Иногда проснусь ночью и ни с того ни с сего представлю себе актовый зал. Нет, не таким, как теперь. И не таким, как во время войны. Я представлю его таким, как придумал когда-то, давным-давно, в первом классе, еще не видевши ни разу. И такой, придуманный, он кажется мне настоящей настоящего.

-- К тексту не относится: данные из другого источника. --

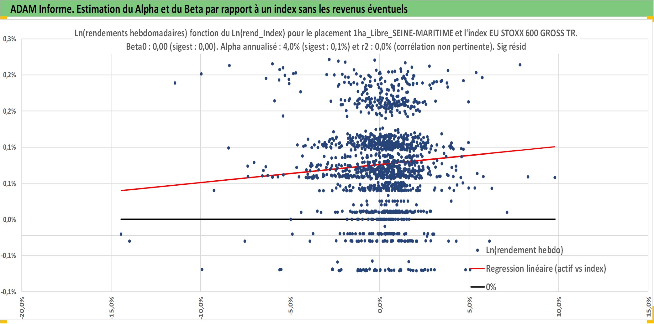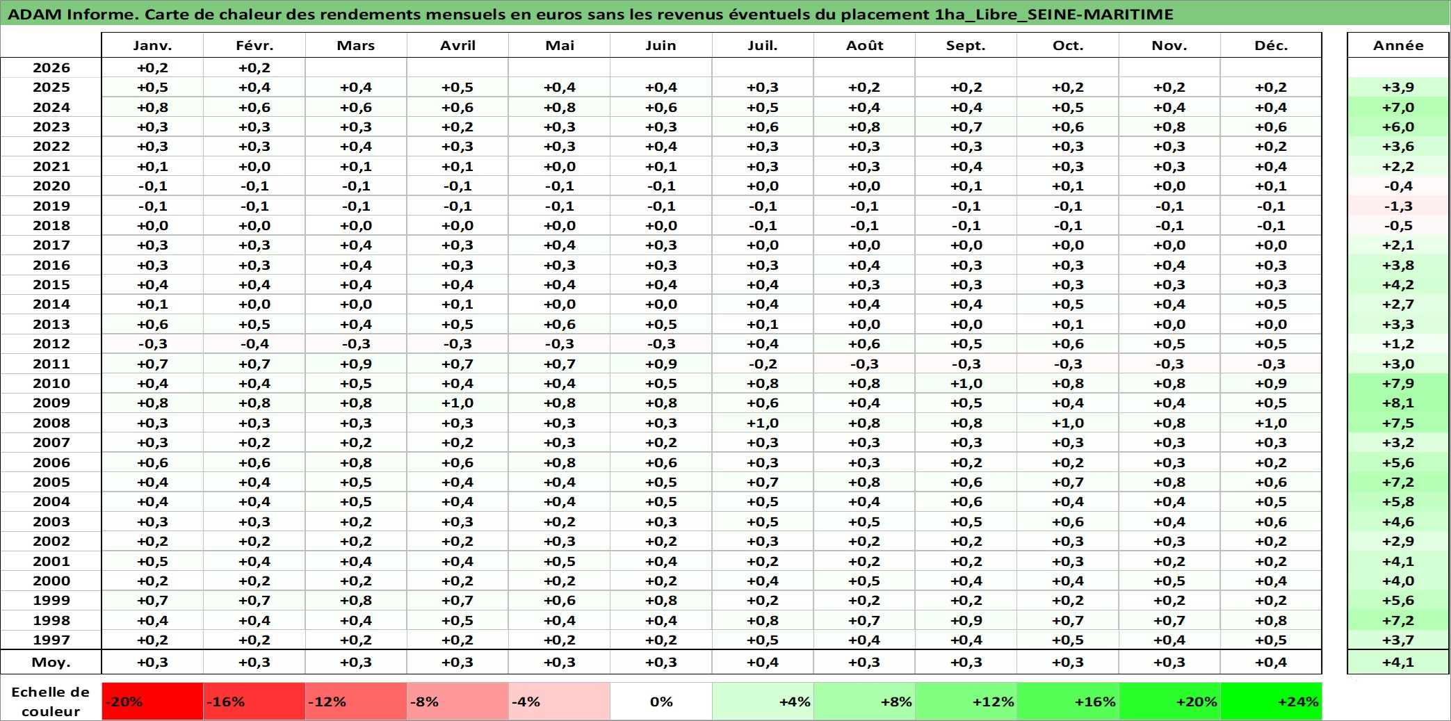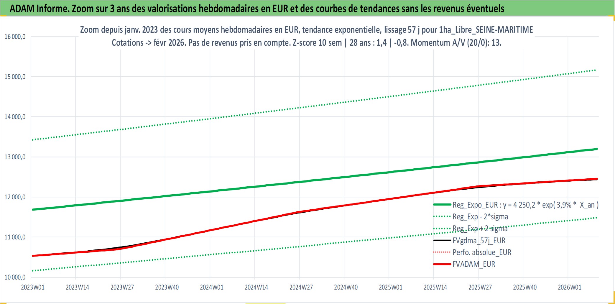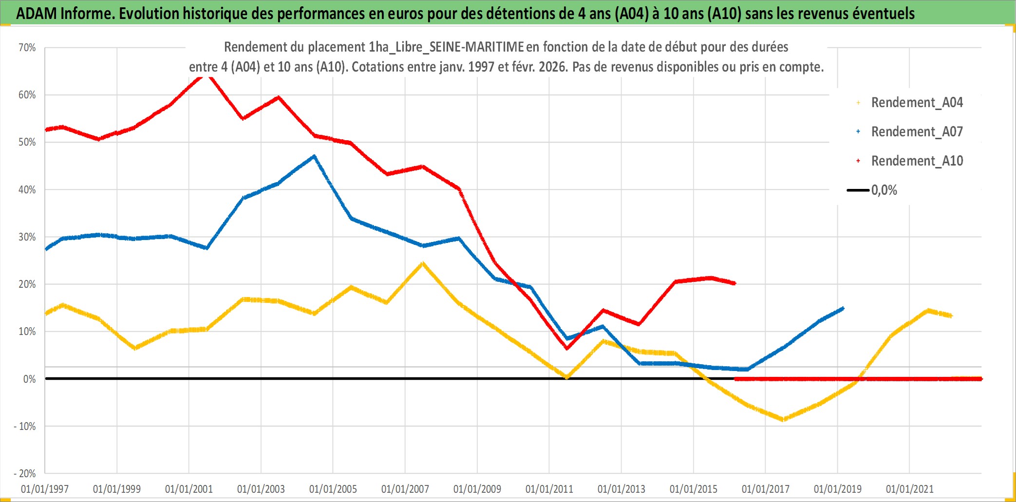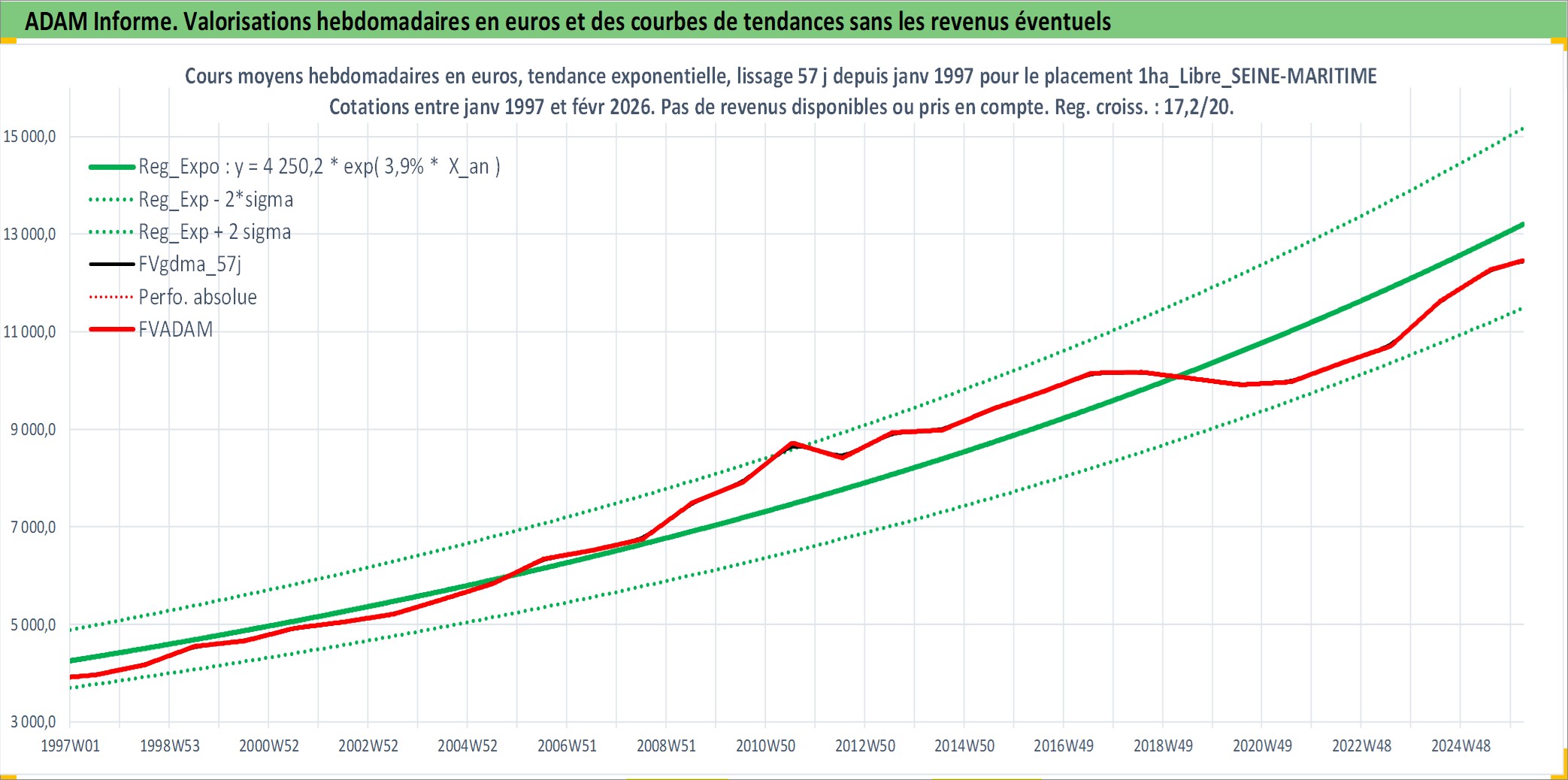 Site dédié aux investisseursPage dédiée sur site financeAnalyse des valorisations hebdomadaires de l'actif 1ha_Libre_SEINE-MARITIME. Cet actif est cote en EUR. Les valorisations couvrent les semaines 1997W01 a 2026W09. Les fermages de ce bien foncier sont pris egaux a 2,5% annuels de la valeur venale du bien.

…Вот мы толпимся у заветной двери, у ярко-белой двери с круглой медной ручкой, начищенной до блеска мелом. Нас много — громадная толпа первоклассников, полный коридор. И вот она торжественно распахивается, большая белая дверь, и за ней открывается солнечная дорога, и мы бежим по ней, весело крича, обгоняя друг друга, размахивая руками, смеясь, распевая песни, бежим все дальше и дальше — без конца. И вот уже не слышно нас и не видно, и никого не осталось около белой двери, только на полу бумажки смятые, оторванные пуговицы, фантики, шелуха от семечек… А потом и мусор этот, подхваченный ветром, с шорохом уносится по солнечной дороге, и вслед за тем тихо затворяется большая белая дверь. И — ничего больше.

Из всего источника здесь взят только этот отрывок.